To conclude due to the global recession which was instigated by the collapse of the subprime mortgage crisis of 2006 companies where forced to changes their business strategies in order to stay competitive, the personal computer industry was more susceptible to change than most due to its reliance on luxury goods and continuous development of the industry. Dell began with working off a very successful low cost strategy, providing all products and distribution which reduced costs for the consumer, in more recent years whilst still adopting the same low cost strategy it has moved into using retail stores to sell its products and also into the area of mergers and acquisitions, this main focus of this strategy is to expand Dell’s business portfolio so it may provide all hardware, software and storage devices resulting in a reduce cost for the consumer and making it more competitive in the market. Apple on the other hand have always implemented a differentiated strategy which has worked very well for the company over the years, its products are hailed as innovative, stylish ground-breaking pieces of expensive technology such as the iPhone, also the Apple brand is viewed as being associated with high quality innovative products that consumer feel confidence towards.

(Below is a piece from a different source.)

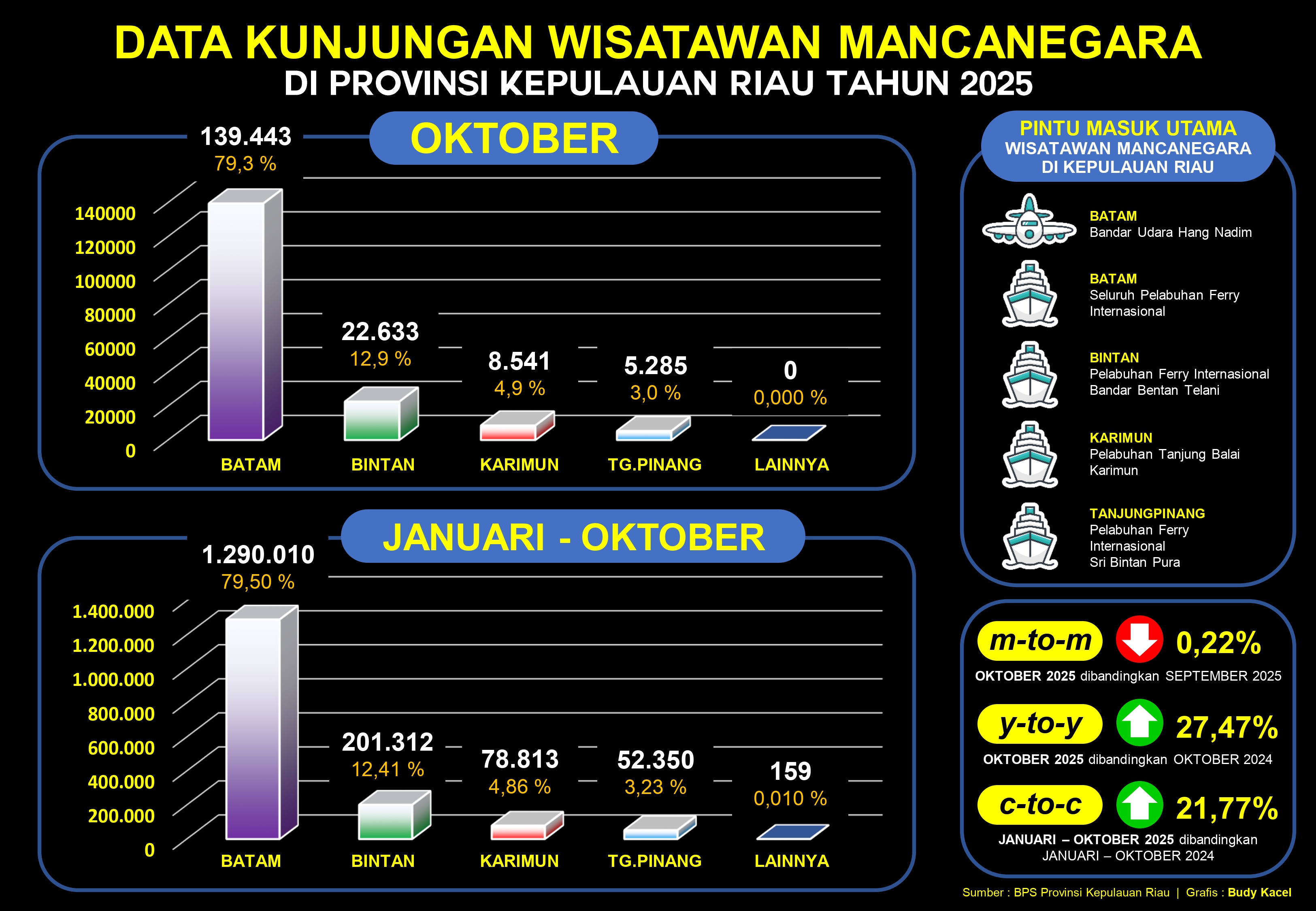 TANJUNGPINANG - Kepulauan Riau (Kepri) menunjukkan performa pariwisata yang semakin positif pada Oktober 2025, menandai kebangkitan optimisme di sektor strategis ini. Berdasarkan data resmi Badan Pusat Statistik (BPS) Provinsi Kepulauan Riau, jumlah kunjungan wisatawan mancanegara (wisman) mencapai 175.902 kunjungan. Angka ini adalah sebuah prestasi yang membanggakan, mencatat kenaikan signifikan sebesar 27,47 persen dibandingkan bulan yang sama tahun sebelumnya (Oktober 2024). Lonjakan tahunan yang kuat ini adalah indikator nyata dari daya pikat dan pemulihan pariwisata Kepri di mata dunia.

The car industry has also been devastated by the economic recession but some manufacturers have managed to stay on top like Hyundai, the company began with adopting a low cost strategy which offered unreliable cars and tarnished the company and its image, in more recent year the company has made considerable advancements with fuel economic cars and are now focusing on quality such as implementing quality targets like the GQ 3-3-5-5 and the introduction of the Genesis in 2008 and the Equus in 2010 for the luxury market, the Genesis saw a good response from the market showing the company to have moved away from the bad reputation it once held but it is still to be seen if the company can move into the luxury market. Fiat who were once so famously associate the with the term “ Fix It Again Tomorrow” due to the awful quality of its cars have moved to providing fuel efficient cars to its low cost division such as the Cinquecento, but also adopting a differentiated approach such as the introduction of the Stilo in 2001 and as with Dell Fiat is also adopting a mergers and acquisitions approach to take advantage of the recession with such deals as Chrysler in which it acquired a direct line into the American market in which it will be introducing the Cinquecento in 2010, also a possible share of Opel and a joint venture with Guangzhou Automobile Group Co Ltd to produce cars for the Chinese market is showing this strategy to be the way forward for Fiat.